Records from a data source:
------------------------

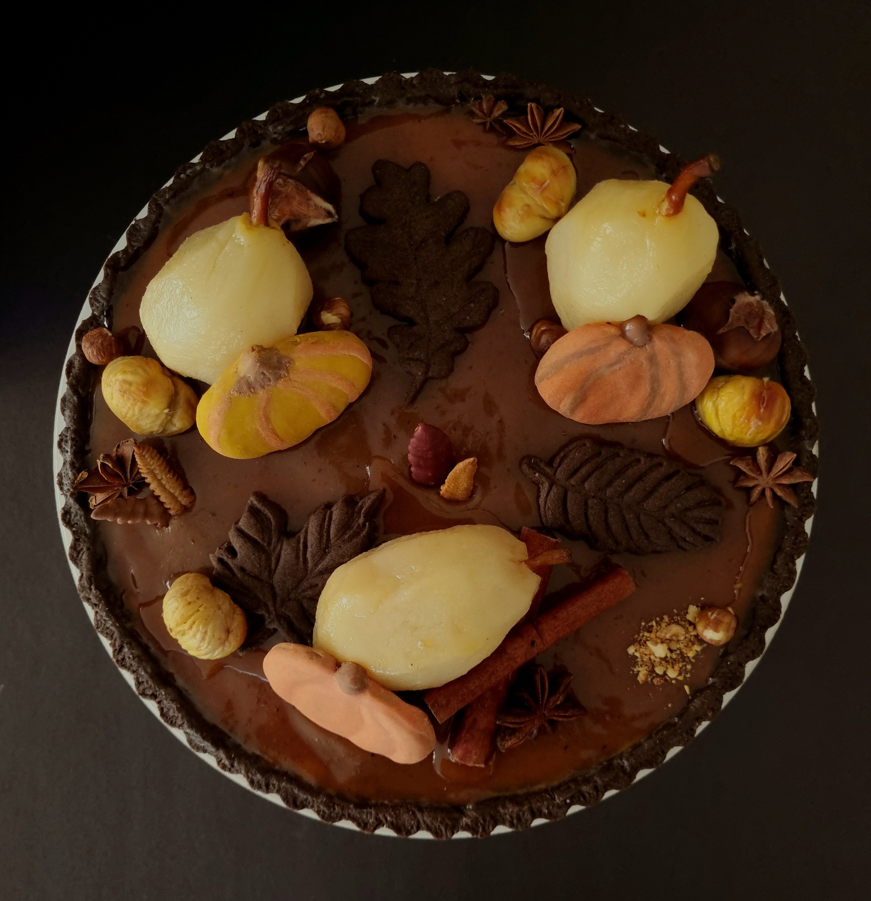 Tarçınlı Tart, Mascarpone Kreması, Kestane Sos, Poşe Armut ile
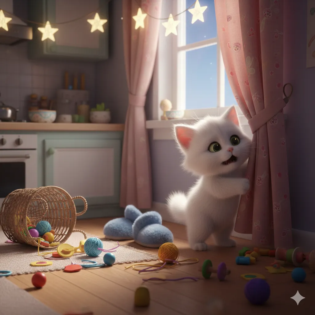 Evvel zaman içinde, pamuk gibi yumuşacık tüyleri olan küçük bir kedicik yaşarmış. Adı Yumak'mış. Yumak, gün boyunca kelebekleri kovalamayı, yaprak hışırtılarını dinlemeyi ve sıcak süt içmeyi çok severmiş. Ama en sevdiği zaman, akşam olup yatağına kıvrılma vaktiymiş. Çünkü Yumak'ın bir sırrı varmış: Her gece yastığının altına gizlenen, parlayan bir "Uyku Tüyü" sayesinde mışıl mışıl uyurmuş.
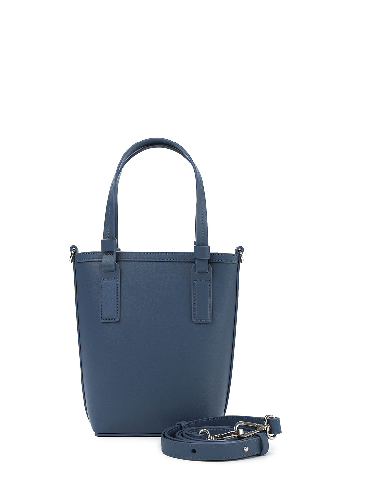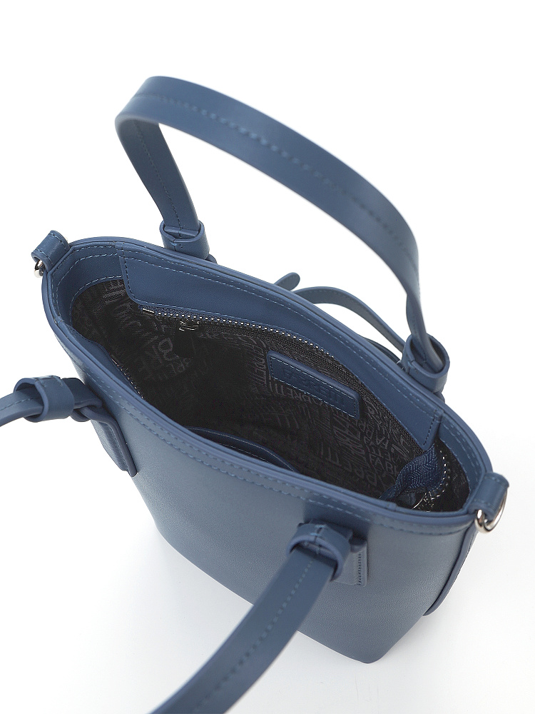 Трендовая женская сумка-ведро итальянского бренда FABRETTI из гладкой кожи кальф темного серо-голубого цвета. Необычная современная модель с жестким каркасом, которая хорошо сочетается с любым базовым кэжуал-гардеробом и визуально вытягивает силуэт.У модели одно отделение на молнии, внутри открытый карман и на молнии. Короткие плоские ручки удобны для ношения в руках, длинный ремешок на карабинах регулируется по длине. Лаконичный геометрический декор делает акцент на ручках и визуально удлиняет модель.Цвет фурнитуры – серебро.
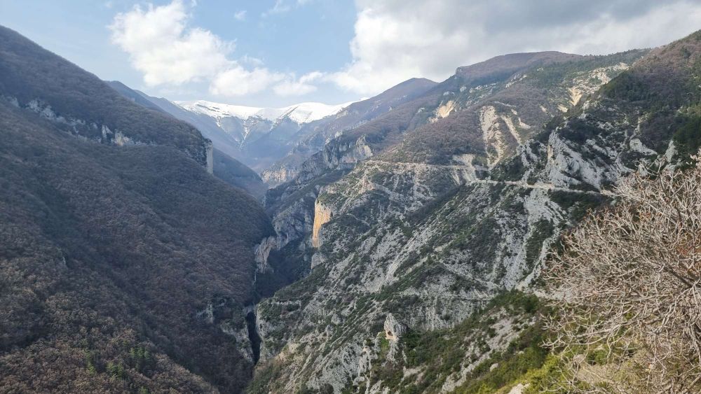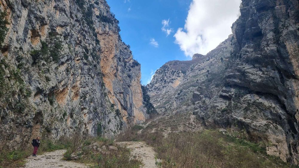 … before opening up into a broad, upper canyon which holds a path that ultimately winds its way to the summit of the highest peak of the Maiella, Monte Amaro (2793 m).
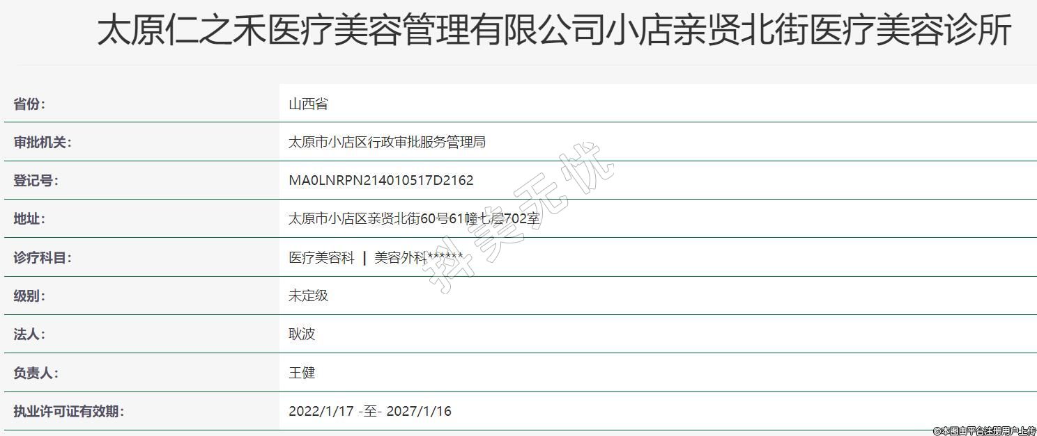 太原仁之禾醫(yī)療美容管理有限公司小店親賢北街醫(yī)療美容診所

------------------------

§ About this exercise:
Pictures are not part of the copy; transcribe the rest of the data verbatim.

§ Written solution:
 Tarçınlı Tart, Mascarpone Kreması, Kestane Sos, Poşe Armut ile
 Evvel zaman içinde, pamuk gibi yumuşacık tüyleri olan küçük bir kedicik yaşarmış. Adı Yumak'mış. Yumak, gün boyunca kelebekleri kovalamayı, yaprak hışırtılarını dinlemeyi ve sıcak süt içmeyi çok severmiş. Ama en sevdiği zaman, akşam olup yatağına kıvrılma vaktiymiş. Çünkü Yumak'ın bir sırrı varmış: Her gece yastığının altına gizlenen, parlayan bir "Uyku Tüyü" sayesinde mışıl mışıl uyurmuş.
 Трендовая женская сумка-ведро итальянского бренда FABRETTI из гладкой кожи кальф темного серо-голубого цвета. Необычная современная модель с жестким каркасом, которая хорошо сочетается с любым базовым кэжуал-гардеробом и визуально вытягивает силуэт.У модели одно отделение на молнии, внутри открытый карман и на молнии. Короткие плоские ручки удобны для ношения в руках, длинный ремешок на карабинах регулируется по длине. Лаконичный геометрический декор делает акцент на ручках и визуально удлиняет модель.Цвет фурнитуры – серебро.
 … before opening up into a broad, upper canyon which holds a path that ultimately winds its way to the summit of the highest peak of the Maiella, Monte Amaro (2793 m).
 太原仁之禾醫(yī)療美容管理有限公司小店親賢北街醫(yī)療美容診所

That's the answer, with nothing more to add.